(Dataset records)
Segment Open

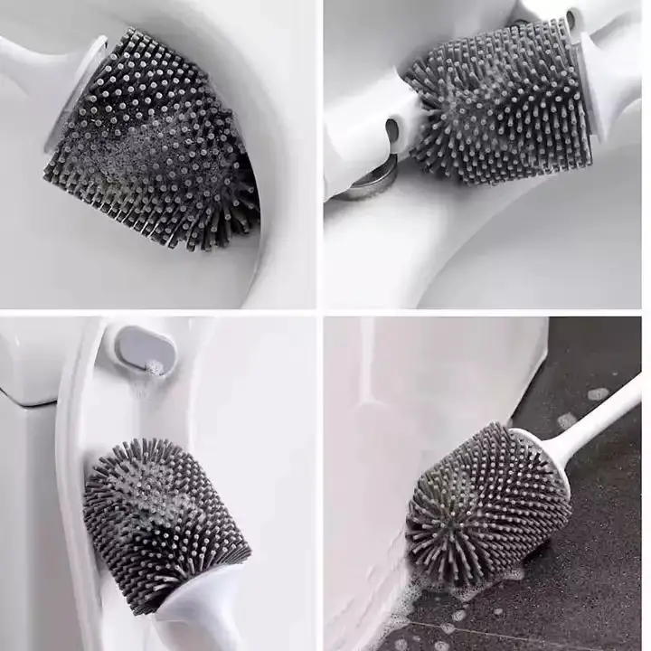 Automatic Opening Closing Toilet Cleaning Brush Silicone Toilet Brush and Holder Drainable Wall-mounted TPR Toilet Brush
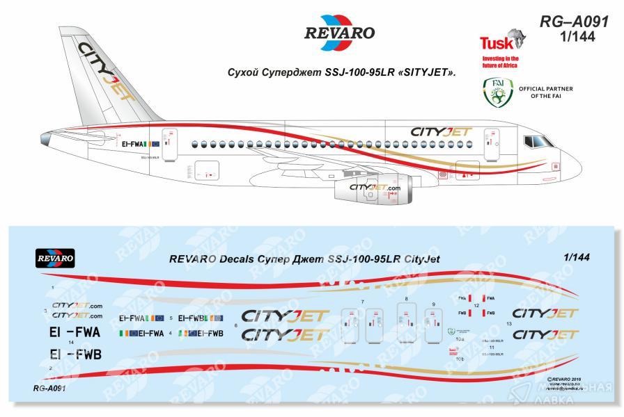 Декаль на Sukhoi Super Jet SSJ-100-95LR ирландской авиакомпании SityJet, борта EI-FWA и EI-FWB.
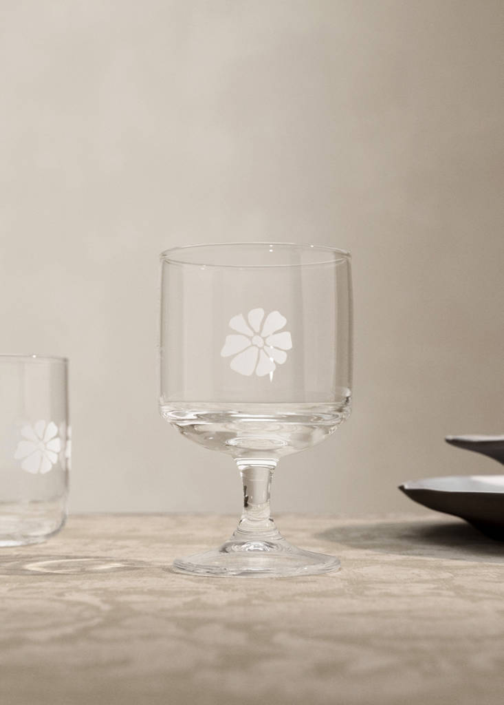 100% glass. Size: 7.6cm. Height: 12cm. Decorative glass goblet with flower. Floral design detail, perfect for adding an original, pleasant and elegant touch to your tableware. Coordinates with more products from the collection
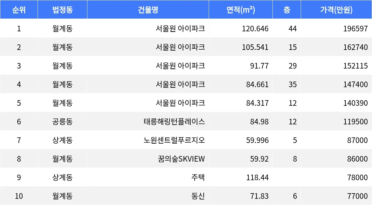 월계동 서울원 아이파크 105.541㎡ 15층 매물이 16억2천7백40만원에 거래됐다. 같은 건물의 91.77㎡ 29층 매물은 15억2천1백15만원에 매매가 이루어졌다. 또한, 서울원 아이파크의 84.661㎡ 35층 매물은 14억7천4백만원에 계약됐다.
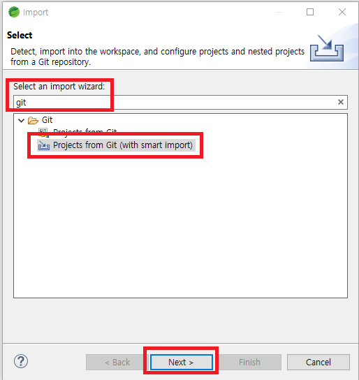 "git" 이라고 검색하면 Projects from Git (with smart import) 를 선택해 Next를 클릭하자
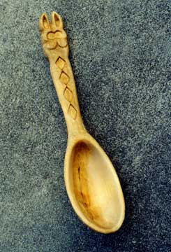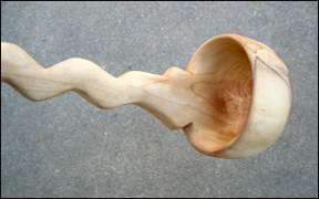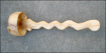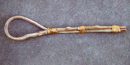 Looped stirring stick made from Coast live oak and lashed with Grey pine roots.
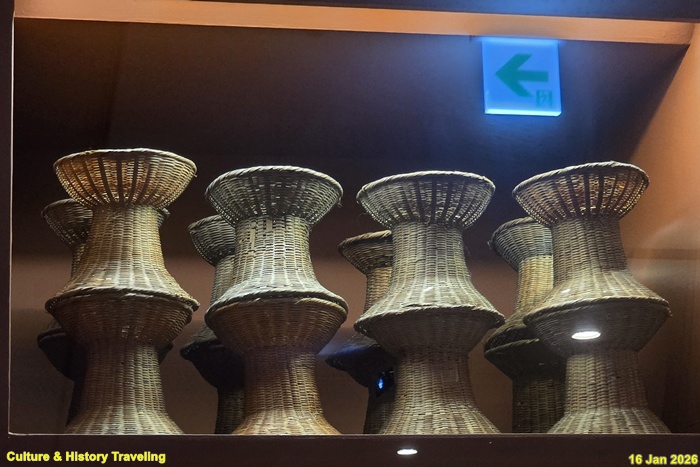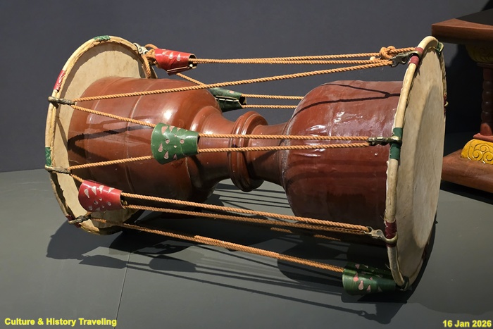 허리가 잘록한 나무 울림통 양쪽에 가죽을 대어 만든 타악기이다. 울림통의 왼쪽을 북편, 오른쪽을 채편이라고 하는데, 북편은 손으로 치고 채편은 대나무로 만든 얇은 채로 친다. 조선 왕실에서 행해진 각종 의례에 두루 사용되었다. (안내문, 고궁박물관, 2026년)
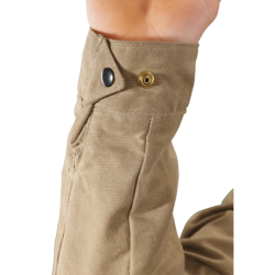 Crafted from durable Army 1010 Field Tan wax cotton canvas for dependable weather protection and classic riding style. Fully lined for comfort, it features a belted adjustable waist with side tabs and double D-rings for precise fit adjustment, along with a leather-lined collar and neck beltlet with buckle.
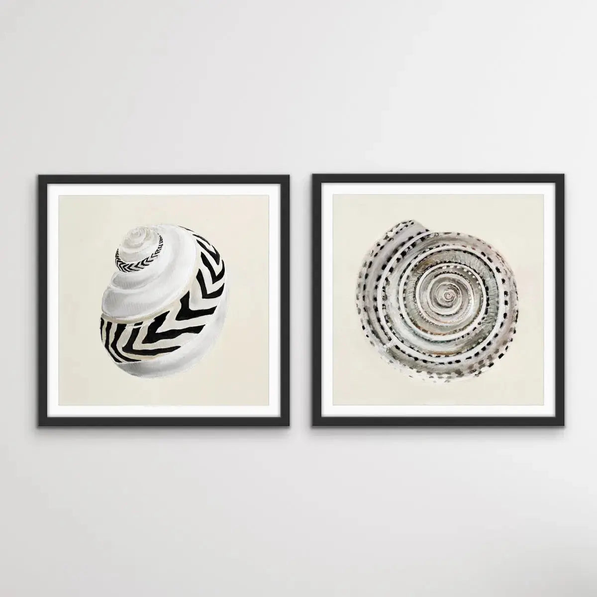 Classic Shell Set - Two Piece Cream and Black Shell Print Set - I Heart Wall Art
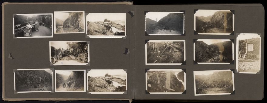Dated from the 1920s and 1930s, this photograph album depicts events on the Manawatū Gorge road including construction and repairs of the road, removing slips, car accidents etc. The album also contains images of Napier following the earthquake of 1931. The photographs were shot by William (Bill) Brockie. Individuals are unidentified.
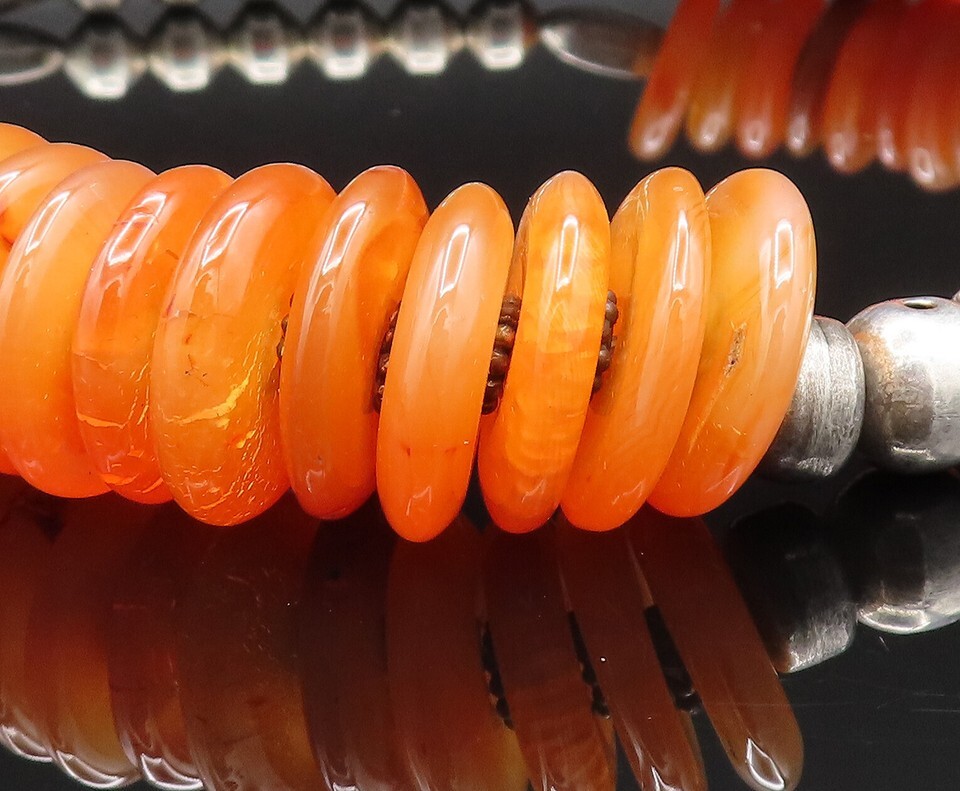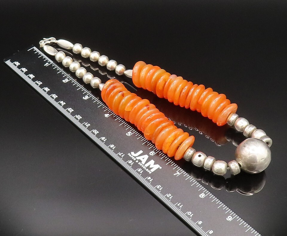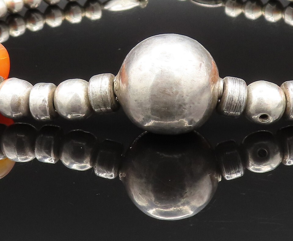 Authenticity Guarantee 925 Sterling Silver Vintage Heavy Carnelian & Bead B...

Segment Closed

REQUIRED WORK:
An exact copy is needed of every line from the one holding "허리가 잘록한 나무 울림통" to the end of the entries above, both ends kept and each picture dropped.

YOUR SOLUTION:
 허리가 잘록한 나무 울림통 양쪽에 가죽을 대어 만든 타악기이다. 울림통의 왼쪽을 북편, 오른쪽을 채편이라고 하는데, 북편은 손으로 치고 채편은 대나무로 만든 얇은 채로 친다. 조선 왕실에서 행해진 각종 의례에 두루 사용되었다. (안내문, 고궁박물관, 2026년)
 Crafted from durable Army 1010 Field Tan wax cotton canvas for dependable weather protection and classic riding style. Fully lined for comfort, it features a belted adjustable waist with side tabs and double D-rings for precise fit adjustment, along with a leather-lined collar and neck beltlet with buckle.
 Classic Shell Set - Two Piece Cream and Black Shell Print Set - I Heart Wall Art
Dated from the 1920s and 1930s, this photograph album depicts events on the Manawatū Gorge road including construction and repairs of the road, removing slips, car accidents etc. The album also contains images of Napier following the earthquake of 1931. The photographs were shot by William (Bill) Brockie. Individuals are unidentified.
 Authenticity Guarantee 925 Sterling Silver Vintage Heavy Carnelian & Bead B...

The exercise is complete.